Thursday, 21 January 2010

Using Excel as Adwords keyword phrase generator

If you use keyword phrases of three or more words in Google Adwords you'll quickly find the number of phrases (combinations of words) becomes unmanageably large, like this:

hotel booking software
hotel booking diary
hotel booking system
inn booking software
inn booking diary
inn booking system
B&B booking software
etc.

Using, say, all combinations of these words to describe 'hotel booking software':

hotel / inn / guesthouse / villa / B&B / motel / campsite / campground
booking / reservation / management / front desk
software / system / tool / calendar / diary

would give you 8 x 4 x 5 = 160 phrases.

Manually generating each phrase would take you an age. But, as with many things in life, Excel can help you.

I'll show you how.

Set up three columns, one for each word in your phrase. If you were a plumber, you might want to bid on phrases like 'fix broken sink', 'mend dripping pipe' and so on. You would lay them out in Excel with all the verbs (fix, repair, mend, etc.) in Column A, all the descriptions (broken, leaking, dripping, etc.) in Column B, and all the things (sink, plumbing, pipe, etc.) in Column C. Like this:



Then paste this monster formula into a cell in a blank column: (Don't paste it in any of the columns you are using to store your words, that'll mess up the calculations.)

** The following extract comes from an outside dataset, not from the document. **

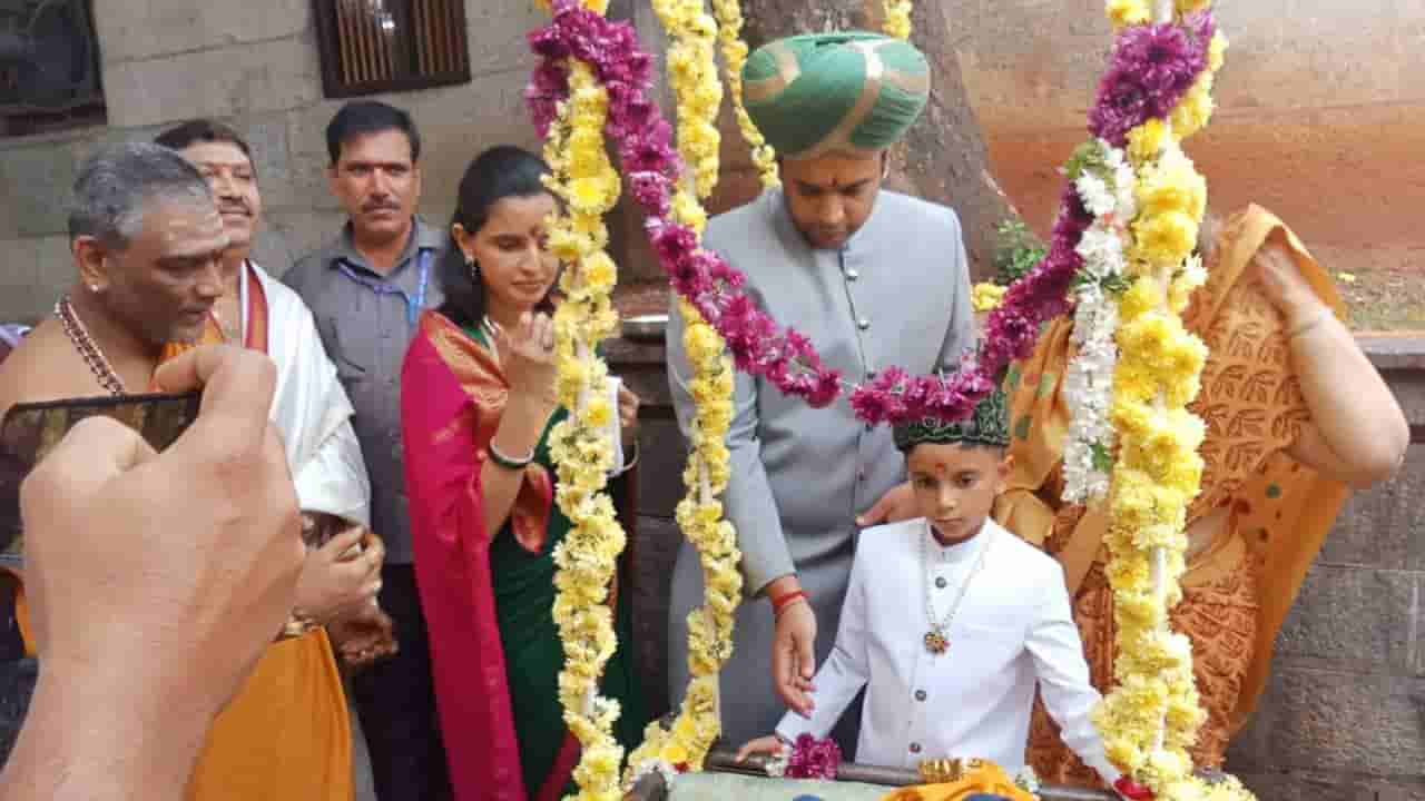 ಮೈಸೂರು, ಫೆಬ್ರವರಿ 24: ನವರಾತ್ರಿಯ ಈ ಸಮಯದಲ್ಲಿ ರಾಜರ ಕುಟುಂಬದಲ್ಲಿ ಇಂದು ಸಂಭ್ರಮದ ವಾತಾವಣವಿತ್ತು. ಇದಕ್ಕೆ ಕಾರಣ ಯದುವೀರ್ ಕೃಷ್ಣದತ್ತ ಚಾಮರಾಜ ಒಡೆಯರ್ ಮತ್ತು ತ್ರಿಷಿಕಾ ಕುಮಾರಿ ದೇವಿ ಅವರ ಎರಡನೇ ಗಂಡು ಮಗುವಿನ ನಾಮಕರಣ (naming ceremony). ಸಂಸದ ಯದುವೀರ್ ಎರಡನೇ ಮಗುವಿಗೆ ಯುಗಾಧ್ಯಕ್ಷ ಕೃಷ್ಣರಾಜ ಒಡೆಯರ್ ಎಂದು ಶಾಸ್ತ್ರೋಕ್ತವಾಗಿ ನಾಮಕರಣ ಮಾಡಲಾಗಿದೆ. ಮೊದಲ ಮಗುವಿಗೆ ಆಧ್ಯವೀರ ಕೃಷ್ಣದತ್ತ ಚಾಮರಾಜ ಒಡೆಯರ್ ಎಂದು ನಾಮಕರಣ ಮಾಡಿದ್ದಾರೆ.

=INDIRECT("A"&ROUNDUP((ROW())/PRODUCT(COUNTA($B$1:$B$98),COUNTA($C$1:$C$98)),0))&" "&INDIRECT("B"&MOD(ROUNDUP((ROW())/COUNTA($C$1:$C$98),0)-1,COUNTA($B$1:$B$98))+1)&" "&INDIRECT("C"&MOD(ROUNDUP((ROW()),0)-1,COUNTA($C$1:$C$98))+1)

Like this:




Then copy the formula down the requisite number of rows. You could calculate that yourself by multiplying the number of verbs x number of descriptions x number of things, or use this formula:

=PRODUCT(COUNTA(A1:A999),COUNTA(B1:B999),COUNTA(C1:C999))

Once you have copied down the first formula, you'll have something like this:



all the way down to row 144 where you'd see you final combination of 'replace blocked toilet':




This formula works by building up a different series of cell references for each row in which it appears.

So in the first row, it brings together the contents of cells A1, B1, and C1 ("fix broken sink"). Then in row 2 it brings together the contents of cells A1, B1 and C2 ("fix broken plumbing") and so.

There are two important functions used:

=INDIRECT - this allows you to use other functions to create a cell reference. So INDIRECT("A1") reports back the contents of cell A1, and you can use other functions to create that string "A1".

=COUNTA - counts the number of non-blank cells in a range, so you can count how many words you have in each column.

Plus MOD, PRODUCT and ROUNDUP to calculate the correct row to insert into the INDIRECT function

And finally, the string &" "& to join the three words into one string, with a space after each word.

Let's look at the section before the first &" "&. This determines whether to use fix, repair, mend or replace as the first word in the phrase:

INDIRECT("A"&ROUNDUP((ROW())/PRODUCT(COUNTA($B$1:$B$98),COUNTA($C$1:$C$98)),0))

All this is is doing is really:

INDIRECT("A"&[calculate which row to look in])

We are only looking in the first column, so "A" is fixed. Only the row changes, and that is calculated by this section:

ROUNDUP((ROW())/PRODUCT(COUNTA($B$1:$B$98),COUNTA($C$1:$C$98)),0)

which takes the current row (ROW()), divided by total number of times each verb needs to appear (once for every description-thing combination, so the number of descriptions x number of things) and rounds it up.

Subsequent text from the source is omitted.